The expected output is exactly the lines below, starting at the line with "How the Common" and ending at the line with "Brand: Rough CountryPart", both included; no other line belongs in it.

== Task inputs ==

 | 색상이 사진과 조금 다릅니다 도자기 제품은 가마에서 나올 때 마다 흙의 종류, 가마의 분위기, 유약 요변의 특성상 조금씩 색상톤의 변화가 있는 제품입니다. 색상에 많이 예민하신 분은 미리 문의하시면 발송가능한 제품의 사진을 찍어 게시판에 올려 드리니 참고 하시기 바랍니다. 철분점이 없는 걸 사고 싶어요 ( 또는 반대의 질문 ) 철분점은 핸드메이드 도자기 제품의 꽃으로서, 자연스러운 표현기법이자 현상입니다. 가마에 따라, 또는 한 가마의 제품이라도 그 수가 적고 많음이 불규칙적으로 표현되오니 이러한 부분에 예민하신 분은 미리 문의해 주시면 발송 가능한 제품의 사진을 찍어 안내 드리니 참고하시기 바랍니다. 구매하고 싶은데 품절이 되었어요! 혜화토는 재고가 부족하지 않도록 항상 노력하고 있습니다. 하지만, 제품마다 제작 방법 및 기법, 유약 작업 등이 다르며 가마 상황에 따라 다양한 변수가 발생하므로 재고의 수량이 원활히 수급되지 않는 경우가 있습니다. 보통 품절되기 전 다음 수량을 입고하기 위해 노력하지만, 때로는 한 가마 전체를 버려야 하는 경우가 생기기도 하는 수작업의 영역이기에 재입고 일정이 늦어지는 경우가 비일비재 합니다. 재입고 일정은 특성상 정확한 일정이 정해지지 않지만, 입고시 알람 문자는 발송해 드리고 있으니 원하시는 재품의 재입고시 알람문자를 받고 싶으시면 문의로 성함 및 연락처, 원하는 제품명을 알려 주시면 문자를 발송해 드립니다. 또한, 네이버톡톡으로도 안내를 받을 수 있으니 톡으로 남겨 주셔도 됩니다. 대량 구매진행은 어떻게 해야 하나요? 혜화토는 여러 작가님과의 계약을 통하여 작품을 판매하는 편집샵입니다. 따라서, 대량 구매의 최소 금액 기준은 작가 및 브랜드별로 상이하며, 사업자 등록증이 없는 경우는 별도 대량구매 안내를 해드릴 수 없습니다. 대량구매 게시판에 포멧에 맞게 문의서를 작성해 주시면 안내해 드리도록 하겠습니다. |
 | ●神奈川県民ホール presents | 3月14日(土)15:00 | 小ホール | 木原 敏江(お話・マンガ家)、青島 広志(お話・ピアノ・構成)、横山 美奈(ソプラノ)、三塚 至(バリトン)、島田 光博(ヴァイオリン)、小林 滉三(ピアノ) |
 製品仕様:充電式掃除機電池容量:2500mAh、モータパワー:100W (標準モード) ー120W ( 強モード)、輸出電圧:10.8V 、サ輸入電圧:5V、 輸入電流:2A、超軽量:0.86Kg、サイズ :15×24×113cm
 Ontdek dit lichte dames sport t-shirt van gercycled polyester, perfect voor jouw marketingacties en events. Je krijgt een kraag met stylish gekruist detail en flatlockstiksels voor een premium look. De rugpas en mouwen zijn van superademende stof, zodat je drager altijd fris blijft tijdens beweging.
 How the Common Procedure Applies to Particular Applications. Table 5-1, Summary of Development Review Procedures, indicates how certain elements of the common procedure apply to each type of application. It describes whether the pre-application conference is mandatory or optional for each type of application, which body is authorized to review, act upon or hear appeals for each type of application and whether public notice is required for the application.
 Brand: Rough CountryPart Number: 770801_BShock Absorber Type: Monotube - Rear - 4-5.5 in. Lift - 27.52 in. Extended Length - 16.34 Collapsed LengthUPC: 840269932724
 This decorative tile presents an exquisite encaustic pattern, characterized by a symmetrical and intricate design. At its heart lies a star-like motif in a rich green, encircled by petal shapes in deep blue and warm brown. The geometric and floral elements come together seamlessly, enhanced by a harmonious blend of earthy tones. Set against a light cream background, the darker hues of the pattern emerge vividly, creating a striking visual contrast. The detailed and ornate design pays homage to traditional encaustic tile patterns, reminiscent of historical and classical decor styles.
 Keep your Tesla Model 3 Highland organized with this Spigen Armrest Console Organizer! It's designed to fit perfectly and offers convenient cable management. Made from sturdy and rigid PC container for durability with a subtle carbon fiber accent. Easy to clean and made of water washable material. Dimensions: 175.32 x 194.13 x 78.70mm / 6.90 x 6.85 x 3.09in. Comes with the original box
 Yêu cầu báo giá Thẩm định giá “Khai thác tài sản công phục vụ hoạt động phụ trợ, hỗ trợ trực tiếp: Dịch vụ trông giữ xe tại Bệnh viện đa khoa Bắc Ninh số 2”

===

(Reply):
 How the Common Procedure Applies to Particular Applications. Table 5-1, Summary of Development Review Procedures, indicates how certain elements of the common procedure apply to each type of application. It describes whether the pre-application conference is mandatory or optional for each type of application, which body is authorized to review, act upon or hear appeals for each type of application and whether public notice is required for the application.
 Brand: Rough CountryPart Number: 770801_BShock Absorber Type: Monotube - Rear - 4-5.5 in. Lift - 27.52 in. Extended Length - 16.34 Collapsed LengthUPC: 840269932724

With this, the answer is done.